Rains, landslides kill nine in Pakistani Kashmir: Officials

 A bus passes through the flooded streets of Peshawar.
A bus passes through the flooded streets of Peshawar.REUTERS

ISLAMABAD (AFP) - At least nine people have been killed during five days of torrential rain and landslides in Pakistan-administrated Kashmir, emergency officials said Thursday.

The deaths came as water channels swelled and people were left trapped in landslides in four mountainous districts of Kashmir in Pakistan's north-east.

The latest casualties bring the overall death toll from this year's monsoon floods to at least 22, with over 200 buildings washed away in the worst-affected north.
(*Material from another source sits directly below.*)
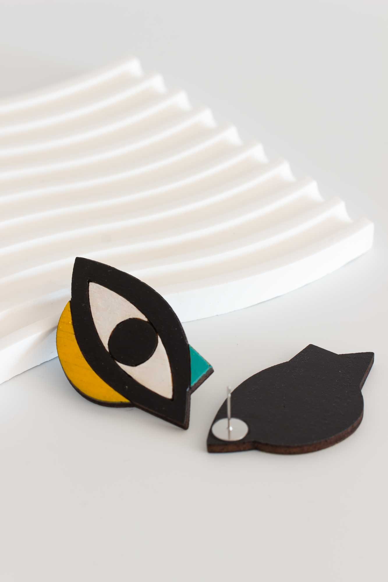 Pendientes de nuestra colección Jump, donde los estampados de las telas saltan a la madera.

Officials said the death toll and losses could increase because communication from the remote areas had been hampered due to heavy rains.
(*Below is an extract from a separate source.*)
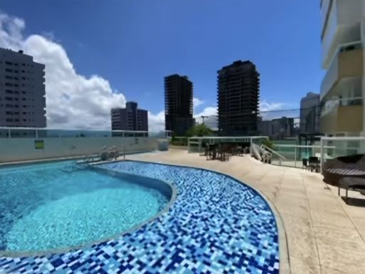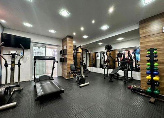 Edifício com ótima infraestrutura tendo 2 elevadores, portão eletrônico, câmeras de monitoramento, portaria 24 horas, gás encanado e área de lazer com:

"According to available collective figures, so far nine people have been killed and seven others were injured," Zaheer Qureshi, director-general of the disaster management authority, told AFP.

"Up to 47 houses have been damaged, while we are yet to get information from the cut-off remote mountainous villages," he said.

On Wednesday, four people were killed when their pick-up truck was swept away by a seasonal stream in south-west Pakistan.

Every year since 2010, which saw the worst floods in Pakistan's history, the country has experienced serious inundations that kill hundreds and wipe out millions of acres of prime farmland, harming the heavily agrarian economy.

According to a report by the National Disaster Management Authority, this season's floods have so far killed three in the northwestern valley of Chitral, while three others lost their lives in Punjab province's Muzzafargarh district.

A further three were killed in the Baluchistan district of Zhob, the report added.

The flood has also washed away as many as 180 buildings, including houses, shops and hotels in Chitral, while damaging 15 bridges and 12 roads, the agency said.

In Punjab province, 244 villages have been hit by the flood including 39 houses.

The report said the River Indus, which flows 3,200km from Kashmir in the north to the port city of Karachi, was at significant risk of flooding over the coming days.